Este lunes 10 de agosto, el cielo de Buenos Aires tendrá una postal poco habitual: más de una treintena de aeronaves de la Fuerza Aérea Argentina formarán parte de la ceremonia central por el 114° aniversario de la institución, que se realizará en la Base Aérea Militar Morón. La celebración tendrá un protagonista que genera expectativa tanto entre especialistas como entre vecinos: los nuevos F-16 Fighting Falcon, incorporados al proceso de modernización de la defensa aérea nacional.
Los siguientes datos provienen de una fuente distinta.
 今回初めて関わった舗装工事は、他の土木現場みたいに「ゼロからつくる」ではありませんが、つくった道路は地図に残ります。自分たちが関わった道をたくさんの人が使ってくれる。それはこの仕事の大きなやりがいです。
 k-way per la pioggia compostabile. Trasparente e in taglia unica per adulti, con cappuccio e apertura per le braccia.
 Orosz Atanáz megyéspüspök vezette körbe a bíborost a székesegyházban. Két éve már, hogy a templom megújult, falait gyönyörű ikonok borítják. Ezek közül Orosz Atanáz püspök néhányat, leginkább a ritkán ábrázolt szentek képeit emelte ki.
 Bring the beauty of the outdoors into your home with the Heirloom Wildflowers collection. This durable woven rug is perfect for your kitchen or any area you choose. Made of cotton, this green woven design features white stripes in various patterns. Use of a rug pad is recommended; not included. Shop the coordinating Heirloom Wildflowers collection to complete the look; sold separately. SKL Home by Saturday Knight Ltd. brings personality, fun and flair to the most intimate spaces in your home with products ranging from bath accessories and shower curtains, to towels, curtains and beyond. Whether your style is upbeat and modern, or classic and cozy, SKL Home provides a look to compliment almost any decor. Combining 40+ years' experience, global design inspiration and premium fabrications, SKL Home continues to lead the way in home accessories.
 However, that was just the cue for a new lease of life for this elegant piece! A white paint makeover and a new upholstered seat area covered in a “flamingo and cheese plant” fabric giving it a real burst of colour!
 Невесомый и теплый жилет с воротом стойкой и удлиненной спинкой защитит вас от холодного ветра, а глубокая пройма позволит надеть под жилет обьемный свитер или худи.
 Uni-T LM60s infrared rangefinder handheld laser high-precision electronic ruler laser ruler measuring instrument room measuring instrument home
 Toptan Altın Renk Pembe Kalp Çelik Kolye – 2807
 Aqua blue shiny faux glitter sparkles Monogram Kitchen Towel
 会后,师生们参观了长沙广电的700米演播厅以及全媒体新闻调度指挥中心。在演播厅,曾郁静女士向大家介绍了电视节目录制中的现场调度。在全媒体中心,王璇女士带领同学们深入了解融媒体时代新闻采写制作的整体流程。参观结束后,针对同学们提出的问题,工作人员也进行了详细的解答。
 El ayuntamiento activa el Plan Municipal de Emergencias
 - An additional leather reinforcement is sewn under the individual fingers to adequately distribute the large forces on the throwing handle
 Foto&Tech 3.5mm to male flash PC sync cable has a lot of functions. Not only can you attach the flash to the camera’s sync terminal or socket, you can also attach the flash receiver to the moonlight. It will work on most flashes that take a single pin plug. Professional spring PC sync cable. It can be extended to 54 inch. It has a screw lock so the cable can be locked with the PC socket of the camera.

La fecha no es una más dentro del calendario militar. Cada 10 de agosto se recuerda la creación de la Escuela de Aviación Militar, impulsada en 1912 por el entonces presidente Roque Sáenz Peña, un hito considerado el punto de partida de la aviación militar argentina.
F-16 en Buenos Aires: el momento más esperado del desfile aéreo
La gran atracción de la jornada será el paso de los F-16, aviones supersónicos que marcarán uno de los momentos más relevantes del acto. Según la información difundida, las aeronaves tendrán participación especial en el pasaje aéreo y también realizarán el tradicional “desprendimiento de numeral”, una maniobra cargada de simbolismo que recuerda al personal de la Fuerza caído en actos del servicio.
El sobrevuelo está previsto para la mañana del lunes, con referencias en zonas como avenida Cantilo, avenida Lugones y la avenida 9 de Julio, en áreas cercanas a River, Aeroparque y el Obelisco. Por eso, quienes estén en la Ciudad de Buenos Aires o en sectores del oeste del conurbano podrían llegar a ver o escuchar el paso de las aeronaves durante la actividad.
Qué aviones sobrevolarán Buenos Aires además de los F-16
Aunque los F-16 concentrarán todas las miradas, no serán los únicos protagonistas. El despliegue incluirá aeronaves de combate, entrenamiento, transporte, enlace y helicópteros, lo que permitirá mostrar buena parte de las capacidades operativas actuales de la Fuerza Aérea Argentina.
Entre los modelos previstos aparecen los IA-63 Pampa, uno de los desarrollos más representativos de la industria aeronáutica nacional; los Beechcraft T-6C Texan II, utilizados para formación avanzada; los Embraer EMB-312 Tucano; los Grob G-120TP; los Tecnam P2002JF y los históricos Beechcraft B-45 Mentor de la Escuadrilla Histórica.

También participarán aeronaves de mayor porte como el C-130 Hércules, símbolo de transporte táctico y misiones logísticas; el Boeing 737; el Fokker F-28; el Embraer ERJ-140; el Learjet 60 y el SAAB 340. En el segmento de alas rotativas, se espera la presencia de helicópteros Bell 407, Bell 412 y Bell 212.
Morón, epicentro de una ceremonia con alto valor simbólico
El acto central se desarrollará en la Base Aérea Militar Morón, un predio con fuerte identidad aeronáutica y ubicado a pocos kilómetros de la Ciudad de Buenos Aires. La ceremonia contará con desfile terrestre, pasaje aéreo, autoridades militares, funcionarios del área de Defensa, veteranos de la Guerra de Malvinas e invitados especiales.
La presencia de los F-16 le aporta a la conmemoración una lectura adicional: no solo se trata de un aniversario histórico, sino también de una señal de renovación para una fuerza que busca recomponer capacidades después de años de limitaciones en materia de aviación de combate.
La historia detrás del Día de la Fuerza Aérea Argentina
El origen de la Fuerza Aérea Argentina se remonta al 10 de agosto de 1912, cuando se creó la Escuela de Aviación Militar en El Palomar. En aquel momento, la aviación militar era todavía una disciplina incipiente, pero ya comenzaba a perfilarse como un factor decisivo para la defensa y la proyección estratégica de los países.
Con el paso de las décadas, esa primera estructura evolucionó hasta convertirse en una fuerza independiente. La autonomía institucional llegó en 1945, luego de un proceso de crecimiento en unidades, infraestructura, logística y doctrina aérea.
Uno de los capítulos más sensibles de su historia está vinculado a la Guerra de Malvinas, donde la Fuerza Aérea Argentina tuvo una participación central en operaciones de combate. En la memoria institucional, aquellos hombres son recordados por su entrega y por las misiones de alto riesgo realizadas durante el conflicto del Atlántico Sur.